The present invention relates to a magnetic wall hanging system. More specifically, the present invention relates to a system that can ensure nonflammability of a wall surface and can hang an article on the wall surface using magnetic attraction/repulsion.

As one system for hanging articles on a wall surface using a magnetic attraction force, Patent Document 1 discloses a configuration including a magnet attraction decorative plate and a fastener (tool) provided with a magnet sheet. . This hook is detachably hooked to the magnet-attracting decorative plate by magnetic force, and is exemplified as being applied to a hanging hook, a bookshelf, and the like.

In the fasteners used in the above systems, in order to ensure a greater load capacity, the magnetic attraction force is increased, or the surface of the magnetic body such as a magnetic sheet is coated or pasted with an adhesive material to reduce friction. Efforts have been made to strengthen For example, Patent Literature 2 discloses a fastener that combines a strong permanent magnet that magnetically attracts a soft magnetic wall surface and a non-slip elastic body.
On the other hand, Patent Document 3 discloses a display piece provided with a magnetic sheet magnetized at the same pitch as the magnetic sheet on a wall surface to which a multipolar magnetized type magnetic sheet is attached. is magnetically attracted.

Utility model registration No. 3207754 Japanese Utility Model Laid-Open No. 49-138266 Utility model registration No. 3039710

However, the technique of Patent Document 1 may fail to obtain a sufficient static friction force due to contamination of the wall surface and deterioration or contamination of the elastic body. Furthermore, Patent Document 2 requires a special permanent magnet and becomes an exaggerated fastener. In the technique of Patent Document 3, the display sheet and a light load work well, but when the load increases, the magnetic attraction force is weak and a sufficient coefficient of friction cannot be secured, so the fastener falls off. put away. On the other hand, when such a system is applied to an indoor wall, it is desired to have excellent fire resistance so as not to spread damage in the event of a fire.

SUMMARY OF THE INVENTION It is an object of the present invention to provide a magnetic wall hanging system which has a simple structure, can withstand a relatively large load, and has excellent fire resistance.
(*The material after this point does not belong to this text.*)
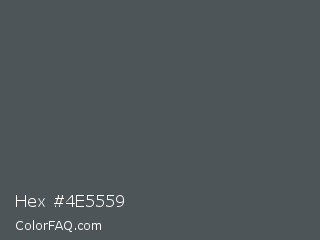 Hex #4e5559 Color is a normal blue color and the nearest color is Abbey #4c4f56. Hex code #4e5559 and RGB value is rgb(78,85,89). In RGB color space, this color is composed of 31% red, 33% green, 35% blue, In CMYK color space, this color is composed of 12% cyan, 4% magenta, 0% yellow , 65% black , In HSL color space, this color has a hue angle of 202° , 7% saturation and 33% lightness.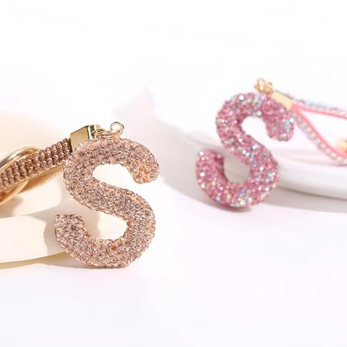 Generic - سلسلة مفاتيح سيارة مرصعة بالكريستال بنمط الحروف الأولى، اكسسوار عصري لمفاتيح السيارة والشنط والمستلزمات اليومية. تضفي لمسة أنيقة، لون وردي

The present invention employs the following means to solve the above problems. In addition, the symbols in parentheses attached to each configuration means in this column ("Means for Solving the Problems" column) are for reference to indicate the correspondence with specific means described in the embodiments described later. However, the configuration means of the present invention is not limited to this.

One aspect of the present invention is a magnetic wall surface (11) formed by attaching wall surface magnet sheets (21, 21A) to a wall surface forming a substantially vertical plane, and a fastener magnet sheet (51, 61). , 81), and the magnetic wall surface (50, 60, 80) is magnetically attracted to the magnetic wall surface (11). In the fastening system (1, 2, 3), the wall surface magnet sheet (21, 21A) and the fastener magnet sheet (51, 61, 81) are both multipolarly magnetized with the same magnetization pitch on the surface. The wall surface magnet sheet (21, 21A) has a thickness of 150 μ to 540 μ including the mounting sheet (25), and any one magnetic pole (22) on the surface of the wall surface magnet sheet (21, 21A) It is characterized in that the magnetization lines (24X, 24AX) formed by the boundaries with the adjacent magnetic poles (23) are substantially horizontal.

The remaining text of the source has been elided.